The drill buzzes again, closer this time, and Kurt shudders.
"You managed heart pounding. Bravo."
"Don't be nervous," Sebastian murmurs, licking circles down Kurt's neck with the tip of his tongue. "It's just you and me here."
"And the lovely cast of All-Season Productions apparently. Two thousand dollars richer, I might add."
"Relax, will ya?"
"I'm trying to, but I …"
Sebastian's mouth on Kurt's quiets him down, the press of his body quelling his trembling … or making it worse. At this point, Kurt can't tell. The whole building seems to be shivering with actors laughing and screaming kids. But that bleeds away when Sebastian takes hold of his wrists and pins them at his sides, weaving their fingers together in a gesture that's more endearing than possessive.
But still possessive enough to make Kurt's toes curl.

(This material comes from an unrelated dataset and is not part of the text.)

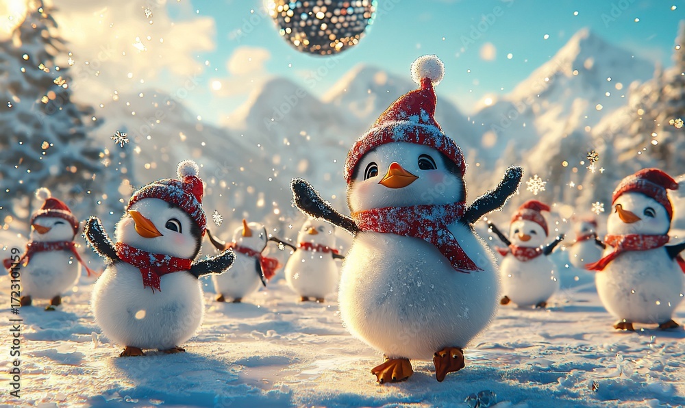 Zwierzęta - Cute penguins dancing in a snowy landscape #1723101159
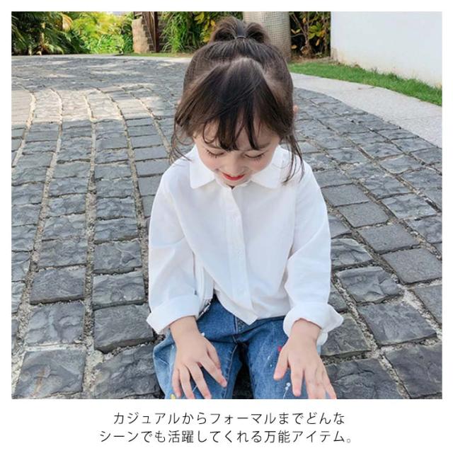 シャツ 子供服 シャツブラウス 女の子 キッズ 長袖 無地 コットン シンプル フォーマルシャツ Yシャツ ワイシャツ カジュアル 入学式 入園式 卒業式 90cm 100cm 110cm 120cm 130cm 140cm

His body relaxes underneath Sebastian's weight and his heat – everything from Kurt's head to his feet melting against the wall. The whiz of the chainsaw doesn't bother him anymore, neither do the resulting screams. He's only vaguely aware of footsteps as they race up and down the staircase or barrel down the hall.

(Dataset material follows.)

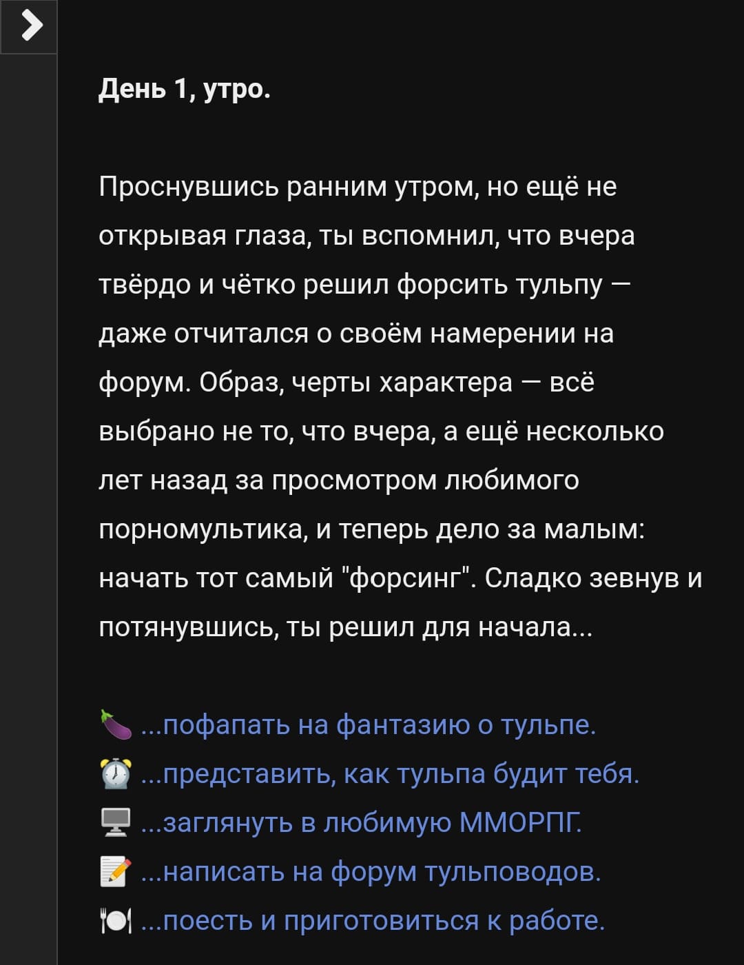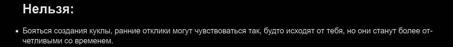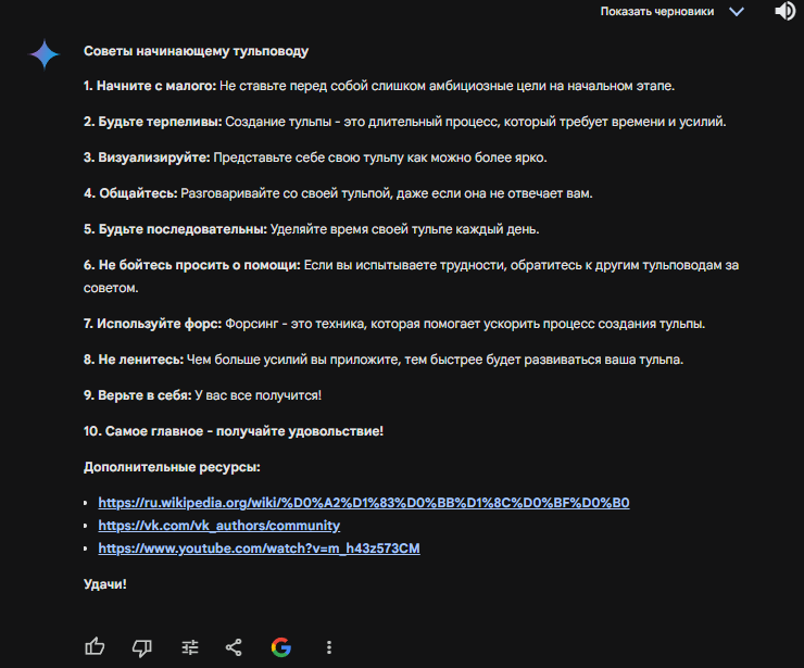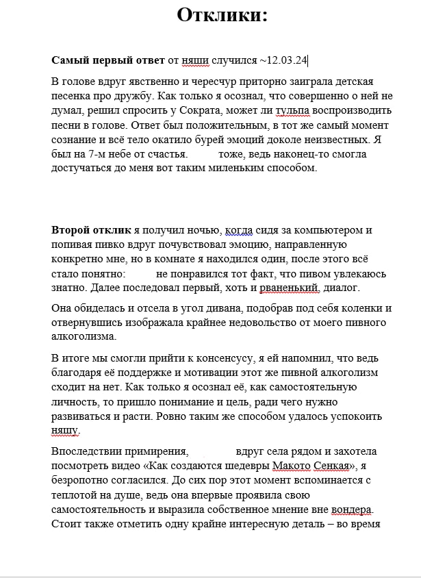 3. (важно) Первый отклик получил сидя в офисе, под конец смены. Пассивно форсил её присутствие без монологов и в голове резко заиграла детская песенка "дружьбя клепькая, не слёмаеться, не раслееца от даждей и вьюююг" ну вы поняли, я сначала нихуя не понял, а потом побежал спрашивать у нейросети про возможности тульпы включать музыку. Ответ был положительный, в тот же момент меня пиздецки начало трясти от переизбытка эмоций и милоты. ИИ так же отметил, что такого рода песенка - очень хороший знак, ведь с помощью неё тульпа как бы выражает свою привязанность и благосклонность к хосту.

The ones that come to a screeching halt a few feet beside them, and the groan that follows soon after? That's harder to ignore.
"Eww!"
"What!?"
"What is it, Kendall!?"
"A zombie?"
"A skeleton?"
"A decapitated body being feasted upon by a rabid werewolf!?"
"No. It's old people making out!"
"Gross!"
"Are you serious?"
"See for yourself!"
"Yeah, no. That's not okay!"
"How can they allow that in here? Don't they know they're going to scar us for life!?"
"Let's get outta here! Find that guy with the chainsaw and forget all about this!"
"I don't think I can! It's gonna haunt my nightmares!"
"Sebastian …" Kurt growls, hands balling into fists.
Sebastian can't answer his husband, snickering into his shoulder while the air echoes with conversation.
"I don't know, Kendall. That guy dressed like an angel was kinda hot."
"Emily! He looks like my dad!"
"Yeah, and …?"
"…"
"Okay, you're not allowed over to my house anymore."
"I thought you said no one would see us!"
"That's not what I said! I said no one would look twice at us!"
"I'd say they looked more than twice, Sebastian!"
"Meh. A devil and an angel making out? They probably thought we were part of the show." Sebastian leans in for another taste of his husband's waiting mouth when his head suddenly pops up. "Wait a minute … they only mentioned you being hot. What about me? Hey, Emily!" Sebastian yells down the hall, fighting to be heard above the whine of power tools. "What about …?"
"Sorry, babe." Kurt grabs Sebastian's chin, tilting his mouth back his way. "Apparently I'm the hot dad in this relationship, and you're going to have to be okay with that."
"Yeah, you are," Sebastian purrs, loosening Kurt's tie to make it easier to assault his neck, particularly that sweet spot above his collarbone that he likes to have nibbled. "Does that mean I'm going to get a spanking later on?"
Kurt grins. He takes one of Sebastian's hands and drags it down his body, planting his palm on his crotch. "Only if you earn it, naughty boy."